WHAT TO DO:
Any picture in the material should be left out, while all other lines are copied exactly.

[[ RECORDED DATA open ]]

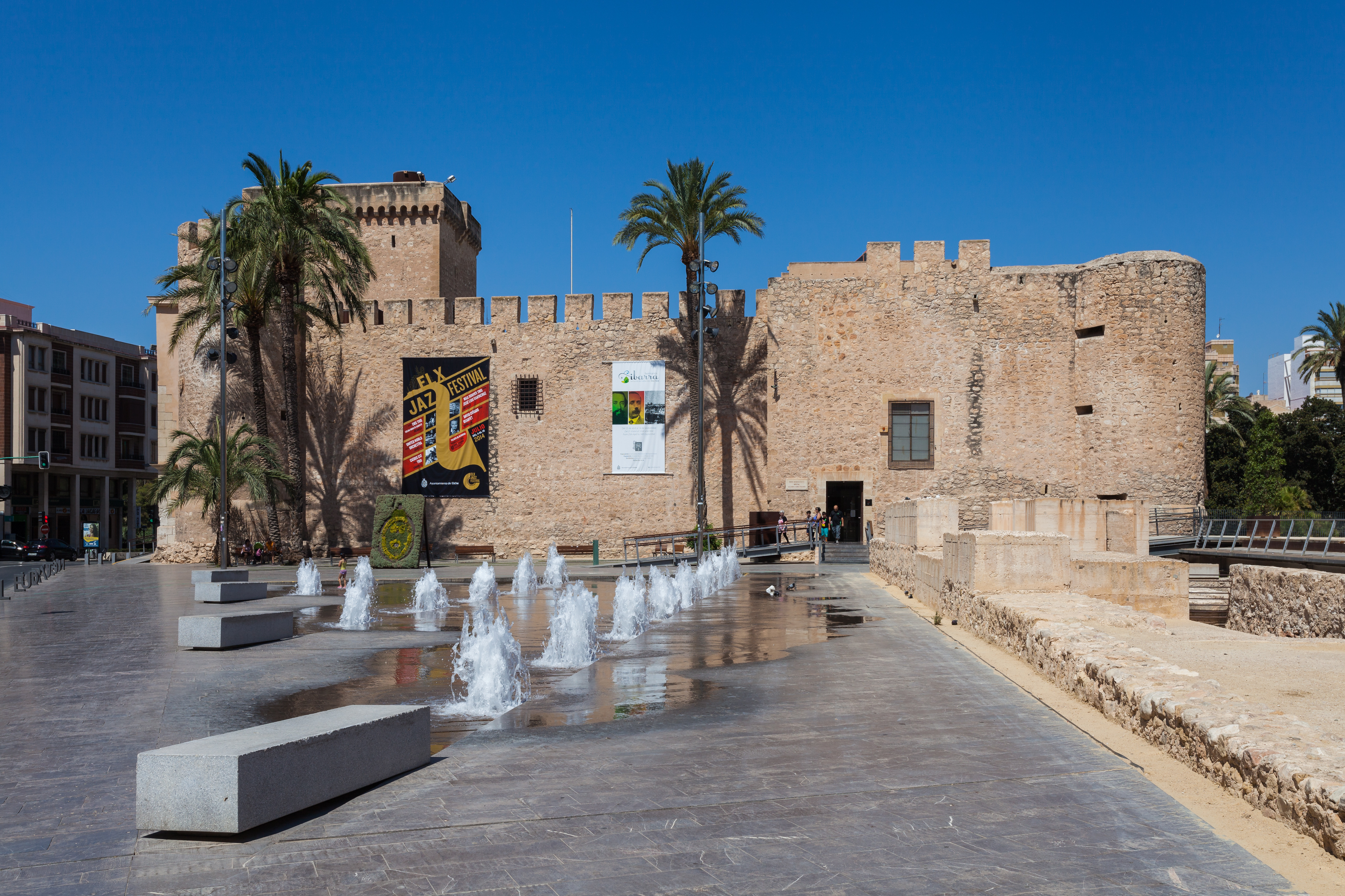 Altamira Palace, Elche, Spain
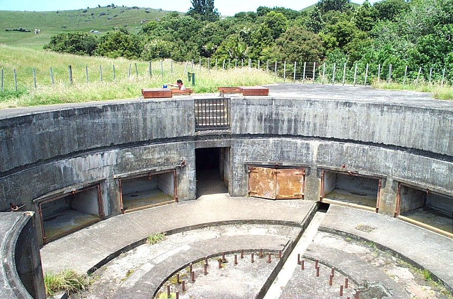 Gun emplacement at Stony Batter, Waiheke Island, New Zealand
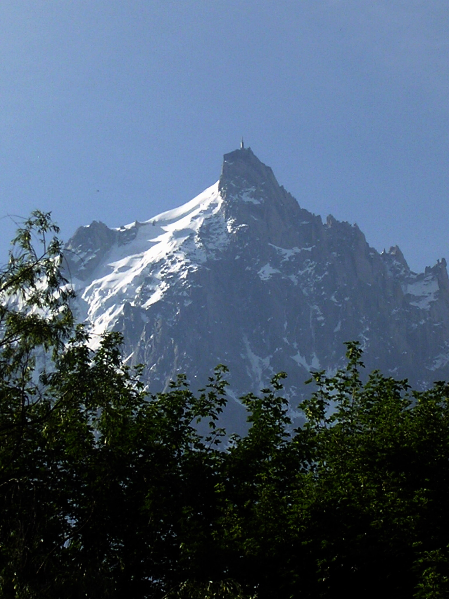 The montain Aiguille du Midi seen from the valley near Chamonix.

[[ RECORDED DATA closed ]]

YOUR RESPONSE:
 Altamira Palace, Elche, Spain
 Gun emplacement at Stony Batter, Waiheke Island, New Zealand
 The montain Aiguille du Midi seen from the valley near Chamonix.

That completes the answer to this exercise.